How journalists and data practitioners should report
Journalists must request disaggregated counts (Native Hawaiian/Pacific Islander separate from broader Asian categories), cite exact sample frames (which years and films were included), and report both absolute counts and percentages so readers can judge scale and trend. Reporting standards set by media watchdogs recommend transparent methodology notes (sample size, definitions, coding rules) whenever quoting representation statistics.
Selected sources
The principal public sources informing this article include the USC Annenberg Inclusion Initiative 2021 API report and subsequent industry analyses and commentary published between 2021-2025 that tracked streaming-era changes and recommended targeted policy fixes. Sources used for figures and interpretations include investigative articles and consulting reports that re-examine the USC baseline and propose remedies.
Helpful tips and tricks for Pacific Islander Stats Reveal A Bigger Hollywood Problem
How many Pacific Islander actors appear in top films?

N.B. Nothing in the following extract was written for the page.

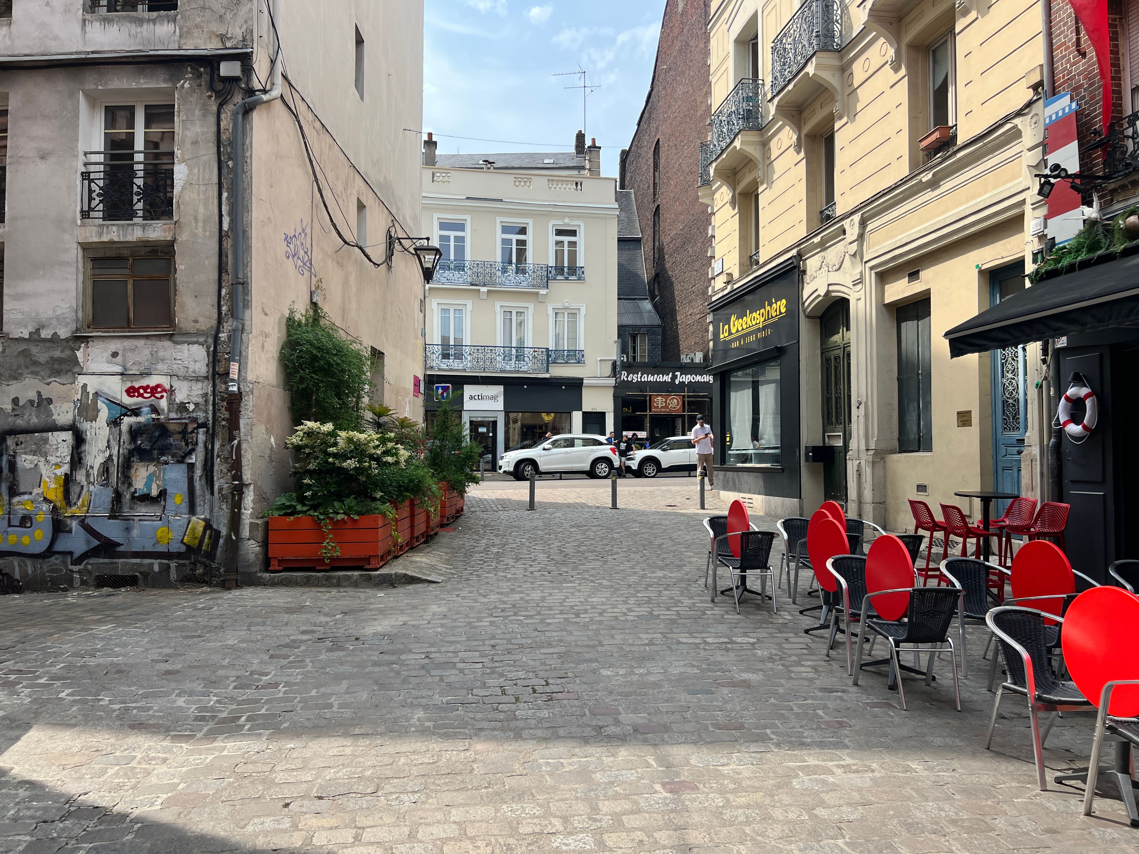 Les restaurants de la rue du Père-Adam, dont La Crêperie Rouennaise au numéro 9, présentent la gastronomie normande traditionnelle.

Answer: Across the 1,300 top-grossing films analyzed for 2007-2019, Pacific Islander actors appeared in under 6% of films; within the dataset, Pacific Islander speaking roles made up a fraction (roughly 0.3%-0.4%) of all speaking parts, indicating extreme scarcity relative to population and cultural footprint.
Are Pacific Islanders improving in representation?
Answer: Representation has improved slightly in the streaming era and via non-U.S. content entering U.S. services, but these gains mostly benefit other API subgroups; Pacific Islander representation specifically remains far behind and requires targeted interventions rather than generalized diversity programs.
What are the main barriers to better representation?
Answer: Barriers include lumping of Pacific Islanders into broad API categories in datasets, lack of Pacific Islander decision-makers in development, stereotyping and typecasting practices, and limited access to funding and distribution for Pacific Islander storytellers.
Which films or creators are exceptions?
Answer: A handful of films and creators with Pacific Islander leads or creatives have broken through in recent years-often indie features, festival hits, or projects tied to local Pacific Island communities-but mainstream blockbuster breakthroughs remain rare and concentrated in niche release windows or regional markets.